## WORK INSTRUCTION
From the line containing "オリーブ マリネ Marinated Olives" down to the last line of the material, output each line exactly as it appears, excluding pictures.

## THE DATA
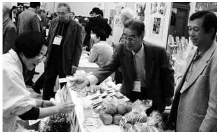
兵庫県公館(神戸市)で行われた都市部との交流会場で奥銀谷地域で採れた新鮮野菜を販売(奥銀谷地域自治協議会)
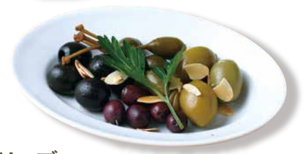
オリーブ マリネ Marinated Olives
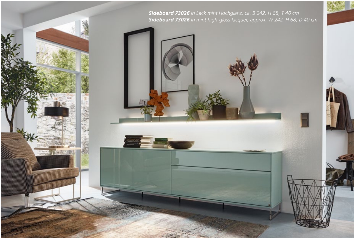
Sideboard 73026 in Lack mint Hochglanz, ca. B 242, H 68, T 40 cm Sideboard 73026 in mint high-gloss lacquer, approx. W 242, H 68, D 40 cm
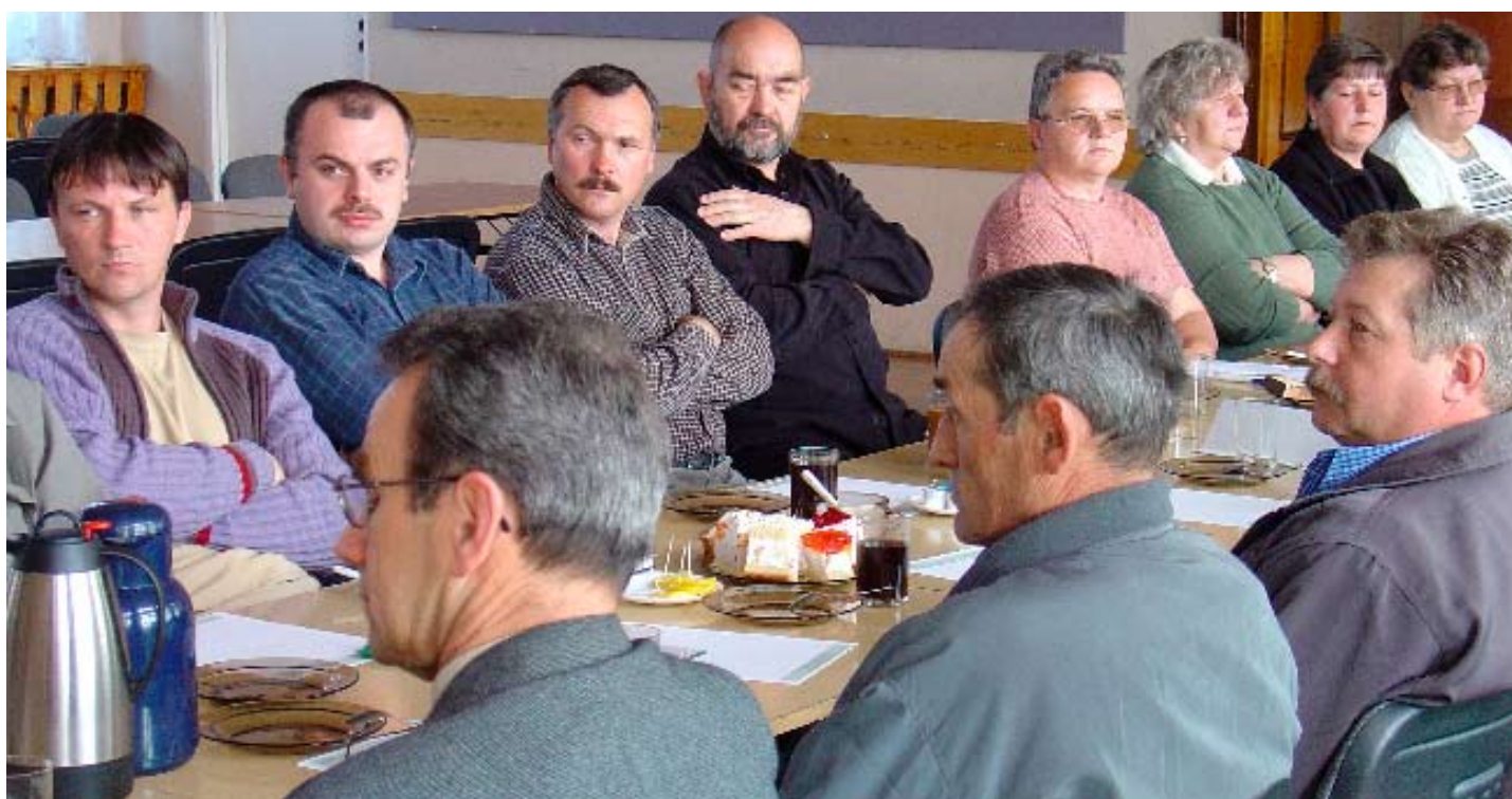
Zebranie sołtysów w dniu 28.04.2006r.

## RESPONSE BELOW
オリーブ マリネ Marinated Olives
Sideboard 73026 in Lack mint Hochglanz, ca. B 242, H 68, T 40 cm Sideboard 73026 in mint high-gloss lacquer, approx. W 242, H 68, D 40 cm
Zebranie sołtysów w dniu 28.04.2006r.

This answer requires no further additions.